John Campbell’s biography of Margaret Thatcher refers to her taking a well-worn copy of Hayek’s Constitution of Liberty from her handbag and telling a seminar at the Centre for Policy Studies: ‘This is what we believe’.
In that great book, Hayek discusses the Rule of Law. He says: ‘As a true law should not name any particulars, so it should especially not single out any specific person or group of persons.’ He goes on to say: ‘[It] came to be recognised, as Parliament began to act as arbitrarily as the king, that whether or not an action was arbitrary depended not on the source of the authority but on whether it was in conformity with pre-existing general principles of law. The points most frequently emphasised were that there must be no punishment without a previously existing law providing for it [and] that all statutes should have only prospective and not retrospective operation…’
How far short of that ideal the coalition government has recently fallen, with its deplorable proposal to take £500 million from Barclays Bank in respect of a tax-avoidance transaction which was, apparently, entirely legal. I can’t believe Lady Thatcher would approve.
In 1970 I published a pamphlet, based on a speech to the Society for Individual Freedom, entitled ‘We’re All Nazis Now’. The title, of course, was derived from Sir William Harcourt’s well-known assertion on introducing estate duty in 1894, ‘We’re All Socialists Now’. I was pointing out how many practices of the UK government at the end of the 1960s resembled those of the German Nazis between 1933 and 1945.
In that pamphlet I wrote: ‘Retrospective taxes are a favourite Nazi practice. … There is no difference in principle between taxing people on income that was not legally taxable at the time it arose, or at higher rates than were then in force, and fining, imprisoning, or even executing people for so-called “offences” which were not legally offences at the time they were committed.’
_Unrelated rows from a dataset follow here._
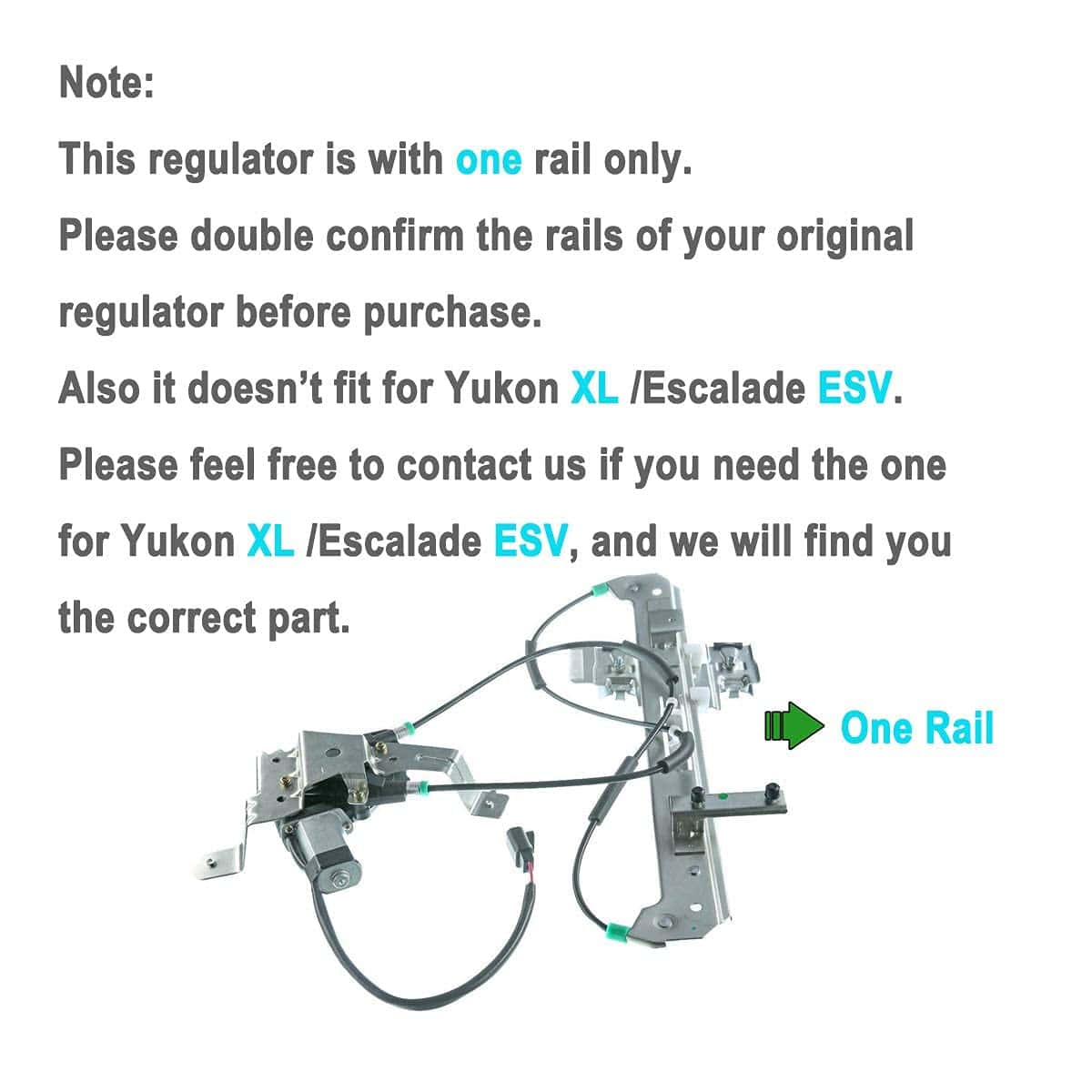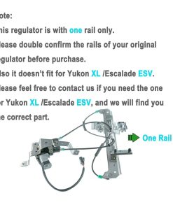 Regulador de ventana de YHTAUTO de reemplazo OEM, ajuste directo. Número OEM: 15135972, 19260050, 748-228. Ubicación: Trasero Izquierdo, Lado del conductor. Cantidad: Una pieza. Garantía: Un año de garantía de calidad ilimitada. Ajuste para Cadillac Escalade Base 2002-2005 V8 5.3L Sport Utility, Cadillac Escalade Base 2002-2006 V8 6.0L Sport Utility, Chevrolet Tahoe Base 2000-2001 V8 4.8L Sport Utility, Chevrolet Tahoe Base 2006 V8 4.8L Sport Utility, entre otros modelos compatibles.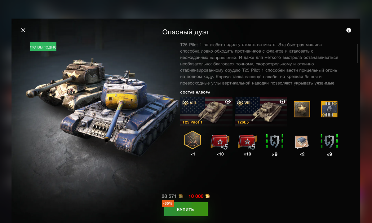 Очередное пополнение в премиум-магазине, на этот раз это американцы: Т26Е5 и Т25 Pilot 1. Танки можно приобрести вместе и по отдельности. Т25 Pilot 1 абсолютно неэффективный танк, неудивительно, почему такой ценник - 5000 голды. Не рекомендую к покупке, данный танк давно стоит у меня в ангаре и у меня нет никакого желания его выкатывать. А вот Т26Е5, напротив, вполне хорошая машина с высоким ДПМ, крепкой башней и минус 10 УВН. При игре от рельефа способен показать отличную эффективность, удивительно почему "Шерифа" не так часто увидишь в рандоме. Невысокая альфа компенсируется быстрой перезарядкой орудия, неплохой точностью, а лобовая броня спасет от многих выстрелов. Однозначно рекомендую к покупке, думаю, обладали "Шерифа", оценят этот танк и их статистика подрастет. Подписывайтесь на канал, чтобы не пропускать интересные новости по WoT Blitz.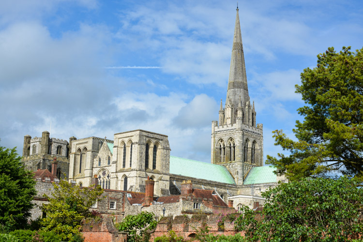 The cathedral is located at the centre of the historic city of Chichester, beside the medieval town of Cross and close to the Novium Museum. Its spire is visible from the Trundle hillfort to the north, and it is the only medieval English cathedral which can be seen from the sea.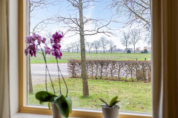 De riante woonkamer heeft een eiken parketvloer, stucwerk wanden en een sier balkenplafond. Met een hoekschouw voorzien van een sfeervolle houtkachel. Vanuit de woonkamer een prachtig weids uitzicht, aan de voorzijde, over de akkers middels diverse hardhouten raamkozijnen met HR++ beglazing.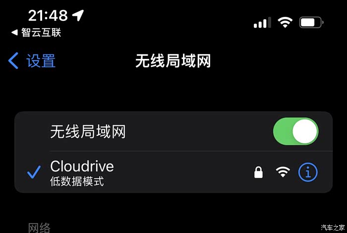 3、手机无线局域网选择“忽略此网络”,车机显示使用数据流量。

It is disappointing – to put it mildly – to see a modern British government resort to this obnoxious practice once again. No one would expect today’s Liberal Democrats to be ‘liberal’ in the classical sense, but one might have hoped that the Conservative majority in the coalition government would have more respect for the principles of the Rule of Law.
Towards the end of his life, Hayek remarked that, in the course of a long life, his opinion of politicians had steadily gone down. I know how he felt.

I have just checked p. 174 of Thinking the Unthinkable, and it appears that Philip is correct. The incident apparently took place at the Conservative Research Department in the summer of 1975.